Вдруг толпа солдат, стоявшая у двери, тяжело раздвинулась, и белобрысая фигурка шестиклассника Ганеева проворно проскользнула в класс.

— Шарапов! К вам из деревни приехали! — торопливо проговорил он, краснея от смущенья, и не дожидаясь ответа, нырнул назад за двери сквозь теснившихся солдат.

При этой новости, радостнее которой не могло быть на свете, у меня во мгновенье ока выскочило из головы всё, чем я сейчас только был полон. Я разом забыл и про Артёмова, и про четвёртый класс, про баррикады, про директора, и, охваченный сумасшедшим восторгом, бросился из класса. Я был инстинктивно уверен, что и Алёша бежит следом за мною, потому что кто же может утерпеть и не броситься опрометью откуда бы то ни было и когда бы то ни было навстречу своей радости?

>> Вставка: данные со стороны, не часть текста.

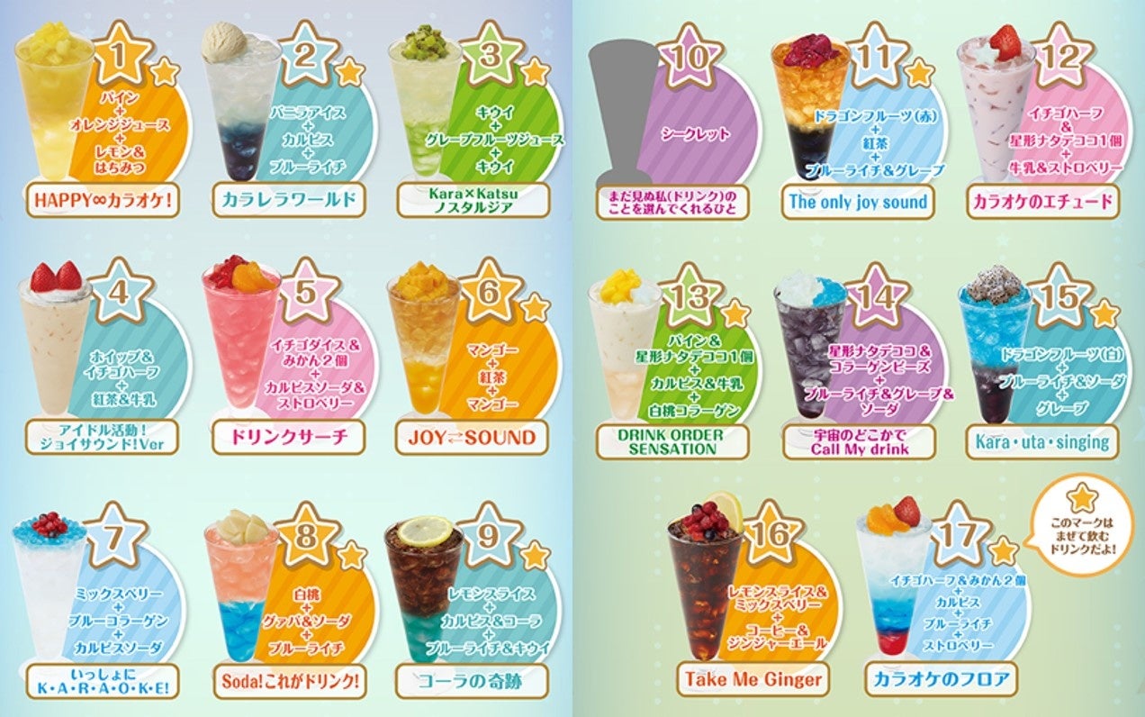 「アイカツ!シリーズ」の楽曲をイメージしたコラボドリンク17種[各750円(税込)ノンアルコール]をご用意しました。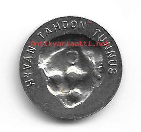 Opintorahastoyhdistyksen tuki hopean värinen / Hyvän tahdon tunnus - neulamerkki rintamerkki takana teksti "hYVÄN TAHDON TUNNUS"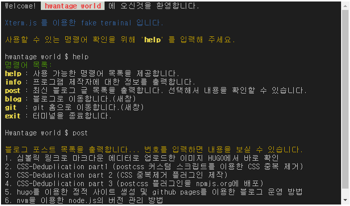 Xterm.js 를 이용하여 웹 사이트에 fake terminal 을 구현합니다.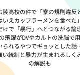 広陵高校の件で「寮の規則違反とはいえカップラーメンを食べた」だけで「暴行」へとつながる論理の飛躍がDVやカルトの洗脳で用いられるやつでギョッとした話…強い統制と暴力が生まれるしくみの解説も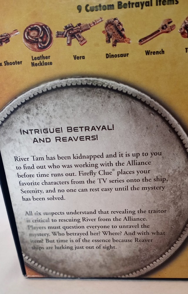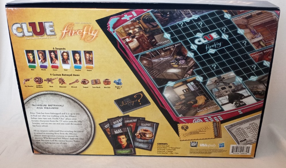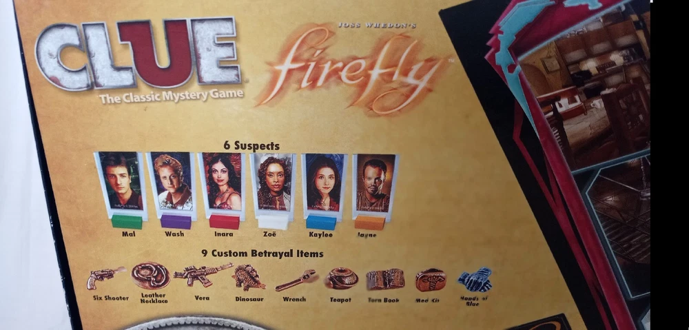 Clue The Classic Mystery Game Joss Whedon's Firefly Edition 100% Complete EUC Shipping charge can be combined if you would like to purchase multiple items. Please contact me before purchase. Pictures are part of the description, so please take a close look. If you have any questions please send me a message. We use recycled/reclaimed packing material. Please reuse the box and packaging if able. Thank you for checking out our item. 🦉 A&A Antiques and Aquisitions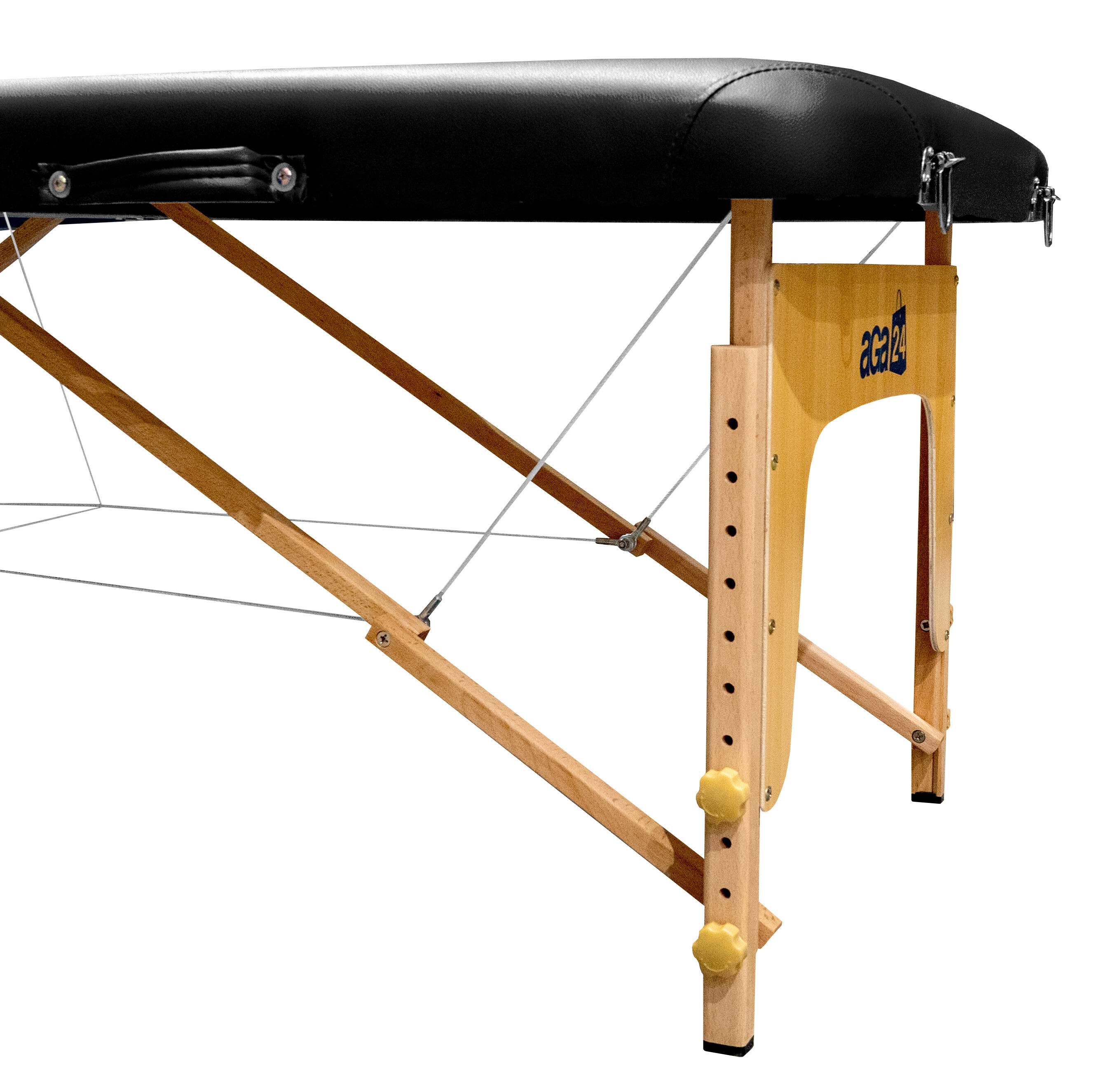 Die robuste Konstruktion aus hochwertigem Holz gehört zu den Hauptvorteilen der Liege. Dank der Verstärkung durch Stahlseile und zwei Sicherungsstifte an jedem Stützbein kann es eine Last von bis zu 250 kg tragen.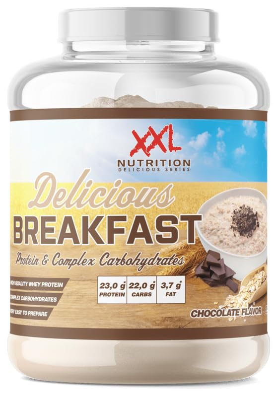 Delicious Breakfast Successful athletes start their day with a balanced breakfast full of high-quality proteins, complex carbohydrates and unsaturated fats. For those who find it difficult to collect this themselves, or simply love a quick, tasty and super nutritious breakfast, there is Delicious Breakfast. This breakfast porridge is bursting with high-quality ingredients that provide your body with optimal nourishment for a tough training day. But Delicious Breakfast is also ideal as a snack. Available in 3 delicious flavors, so from now on you will never be bored again. All the nutrients you need Delicious Breakfast contains an optimal composition of pure and high-quality ingredients. The complex carbohydrates come from, among other things, pure wheat, oats and corn. The 20 grams of high-quality proteins per serving come from whey protein and contribute to the growth of muscle mass. Delicious Breakfast also contains a small amount of unsaturated fats, no less than 8 fiber and no added sugar. With Delicious Breakfast you are assured of a nutritious and delicious start to the day. Ready in an instant Because Delicious Breakfast has been co-developed to fit perfectly into a busy lifestyle, all you need to add is warm milk or another drink of your choice. To make it a real treat, you can easily add some extra fruit or peanut butter. Are you in such a hurry that you can't make hot porridge? Then you can also shake Delicious Breakfast with cold milk or another drink of your choice in a shake cup to make a nutritious breakfast shake. Use and dosage Take 2 scoops of Delicious Breakfast (50 grams) and add 50-100 ml of warm milk or another drink of your choice while stirring. Of course you can adjust the ratio to your own taste For a thicker porridge, add less milk or another drink of your choice, and for a thinner porridge, add more. Looking for other delicious and nutritious breakfast options? Then take a look at the Delicious Pancakes! INGREDIENTS Whey protein concentrate (milk, emulsifier: soy lecithin), buckwheat flakes, whole wheat flour, wheat flour, wheat bran (gluten), corn starch, dietary fiber: inulin, flavoring: chocolate, oat flour, low-fat cocoa powder, sweetener: sucralose. INSTRUCTIONS FOR USE Take 50 g (2 scoops) of Delicious Breakfast and add 50-100 ml of warm water or warm milk while stirring. SAFETY WARNING This product contains sweeteners. Do not exceed the recommended daily intake. Store in a dry and cool place and out of the reach of children. Food supplements are not a substitute for a varied and balanced diet and a healthy lifestyle See moreXXL Nutrition - Delicious Breakfast - 20 Gram Eiwit - Eiwitrijk Ontbijt of Snack - Whey Protein Melkeiwit - Complexe Koolhydraten - Diverse Smaken - Chocolade - 1000 Gram (20 doseringen) Delicious Breakfast Succesvolle sporters beginnen hun dag met een uitgebalanceerd ontbijt vol hoogwaardige eiwitten, complexe koolhydraten en onverzadigde vetten. Voor wie het lastig vindt dit zelf bij elkaar te verzamelen, of gewoon gek is op een snel, lekker én supervoedzaam ontbijt, is er Delicious Breakfast. Deze ontbijtpap barst van de kwalitatief hoogwaardige ingrediënten waarmee jij jouw lichaam optimaal voedt voor een zware trainingsdag. Maar ook als snack is Delicious Breakfast ideaal. Verkrijgbaar in 3 overheerlijke smaken, dus vanaf nu zal het ontbijt je nooit meer vervelen. Alle voedingsstoffen die jij nodig hebt Delicious Breakfast bevat een optimale samenstelling van pure en kwalitatief hoogwaardige ingrediënten. De complexe koolhydraten komen uit onder andere pure tarwe, haver en maïs. De 20 gram hoogwaardige eiwitten per serving komen uit whey proteïne en dragen bij aan de groei van spiermassa. Tevens bevat Delicious Breakfast een kleine hoeveelheid onverzadigde vetten, maar liefst 8 vezels en geen toegevoegde suiker. Met Delicious Breakfast ben je verzekerd van een voedzame- en heerlijke start van de dag. Klaar in een handomdraai Omdat Delicious Breakfast mede-ontwikkeld is om perfect in een drukke levensstijl te passen, is het enige dat je eraan toe hoeft te voegen warme melk of een andere drank naar keuze. Om er een ware traktatie van te maken voeg je gemakkelijk wat extra fruit of pindakaas toe. Heb je zoveel haast dat je er geen warme pap van kunt maken? Dan kun je Delicious Breakfast ook met koude melk of een andere drank naar keuze shaken in een shakebeker om zo een voedzame ontbijtshake te maken. Gebruik en dosering Neem 2 maatscheppen Delicious Breakfast (50 gram) en voeg hier al roerend 50-100 ml warme melk of een andere drank naar keuze. Uiteraard kun je de verhouding naar eigen smaak aanpassen voeg voor een dikkere pap minder melk of een andere drank naar keuze, en voor een dunnere pap meer. Op zoek naar andere heerlijke en voedzame ontbijtopties? Kijk dan ook eens naar de Delicious Pancakes! INGREDIËNTEN Wei-eiwitconcentraat (melk, emulgator: soja lecithine), boekweitvlokken, volkorenbloem, tarwebloem, tarwezemelen (gluten), maïszetmeel, voedingsvezel: inuline, smaakaroma: chocolade, havermeel, magere cacaopoeder, zoetstof: sucralose. GEBRUIKSAANWIJZING Neem 50 g (2 maatscheppen) Delicious Breakfast en voeg al roerend 50-100 ml warm water of warme melk toe. VEILIGHEIDSWAARSCHUWING Dit product bevat zoetstoffen. De aanbevolgen dagelijkse inname niet overschrijden. Op een droge en koele plaats en buiten het bereik van kinderen bewaren. Voedingssupplementen zijn geen vervanging van een gevarieerde en evenwichtige voeding en een gezonde levensstijl Meer bekijken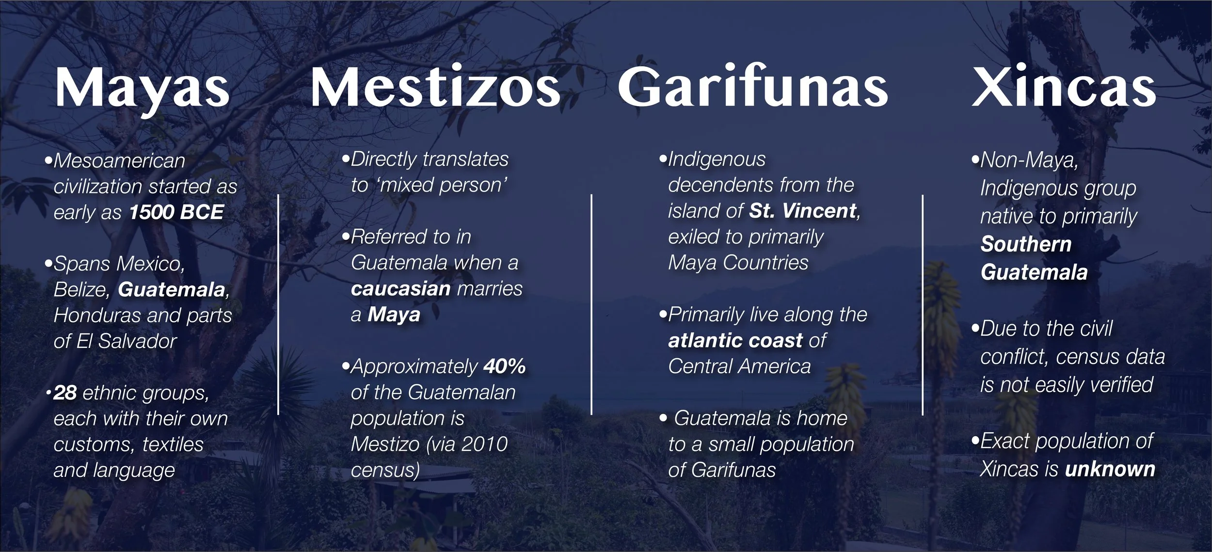 ‘The People,’ Garcia says, are made up of four groups: the Mayas, Mestizos, Xincas and Garifunas.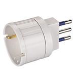 In tecnopolimero alta resistenza meccanica e termica. Spine e prese con spinotti e alveoli attivi protetti da contatti diretti accidentatli e/o volontari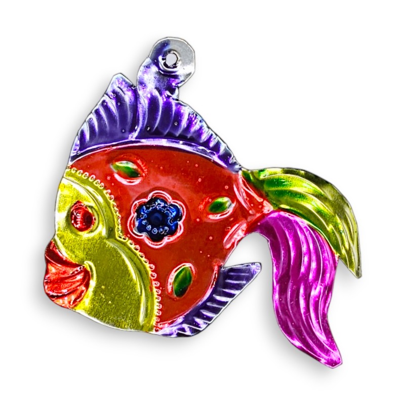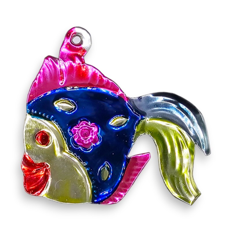 Décoration en métal en forme de perroquet, peinte sur les deux faces.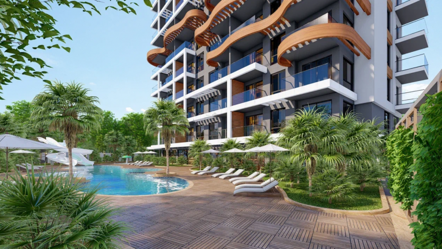 Проект расположился в одном из самых тихих и уютных районов Алании – Авсаллар. Этот район известен своими песчаными пляжами и природными красотами хвойных лесов. Тут есть вся необходимая городская инфраструктура: кафе и рестораны, сетевые супермаркеты и фермерский рынок по средам, государственная больница и частные клиники, аптеки, детские сады, школы, банки и прочее.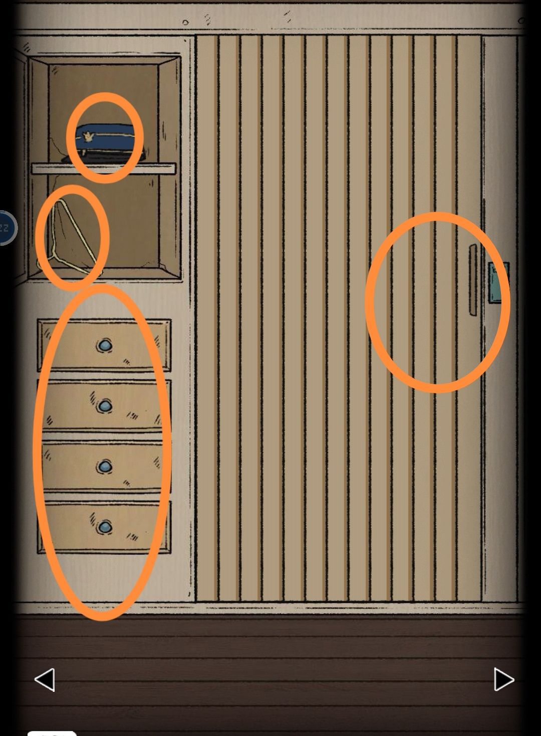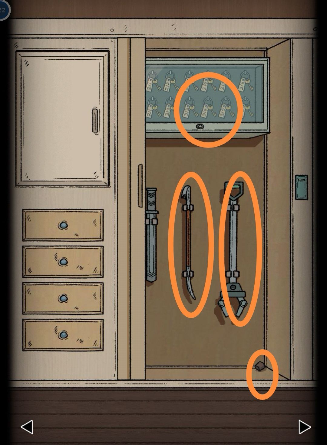 左侧最上面的大柜子打开,帽子下面有个拼图片3,用钳子点衣架得到钩子。下面的四个抽屉(从上往下)第一层是吧台补货清单,第二层用钥匙B打开,得到螺丝刀。第三层是数字密码,第四层是字母密码,大门是数字密码。(好多密码,救命要涨脑子了

Только я успел продраться через толпу солдат и выбежать в коридор, растерянно оглядываясь, где ждёт нас давно нетерпеливо ожидаемый посланец из родной Ольховатки, как вдруг чьи-то большие сильные руки больно подхватили меня под мышки и вскинули вверх, как маленького ребёнка. За ноги мои тоже сейчас же уцепились другие грубые руки, и прежде, чем я, брыкаясь и молотя кулачонками направо и налево, успел понять, что такое делается со мною, семиклассник Лаптев с шестиклассником Страховым и обоими старшими братьями моими бурею помчали меня на своих плечах в седьмой класс, находившийся как раз на другом конце нашего коридора.

— Не пускайте его, господа, замкните дверь на ключ, а мы пойдём за Алёшей, — запыхавшись, говорит старший брат. — Этот чертёнок презлющий. Он мне губу в кровь сапогом разбил, пока мы его несли. Если их не вытащить сейчас оттуда, завтра же их всех поисключат. А тут за нами из дома приехать должны… Как мы к отцу покажемся с двумя исключёнными? Мне же за них, чертенят, достанется.

И он, и Анатолий, оба поспешно выбежали из класса, прихлопнув дверь.

— Ну, зверюшка, хорошо, что мы тебя оттуда выцарапали! — с ласковой шутливостью сказал Лаптев, держа меня между своих раздвинутых ног и облапив мои маленькие плечи своими огромными белыми лапами. — А то был бы тебе там капут… Выдубили бы тебе шкурку, как не надо лучше… Долбега, брат, на это артист. Я его, подлеца, хорошо знаю. Старые с ним приятели. Во втором классе дня, бывало, не проходило, чтобы меня не драли. Я ведь, брат, тоже хорошо выдублен. За меня, по правде, не двух, а четырёх небитых надо взять, — с весёлым хохотом закончил он.

— Ты, Лаптев, говорить с ним говори, а руками всё-таки придерживай. Он тоже ловкач, как раз стречка задаст, — предостерёг, добродушно улыбаясь, Страхов. — Ишь, глазёнки-то как разгорелись, чисто, как у волчонка. И сам-то весь ёжиком ощетинился. Ничего, голубчик, посиди, здоровее будешь. Там и без тебя есть кого драть, до вечера работы будет.

— Да я, ей-богу, не побегу, — ответил я по возможности спокойным тоном, притворяясь совершенно довольным. — Вот очень нужно… Конечно, самому уйти неловко было против товарищей, а уж когда обманули, да силою утащили, то какая неволя под розги лезть. Вы выпустите меня, Лаптев, честное слово, я никуда не уйду. А то ужасно жарко!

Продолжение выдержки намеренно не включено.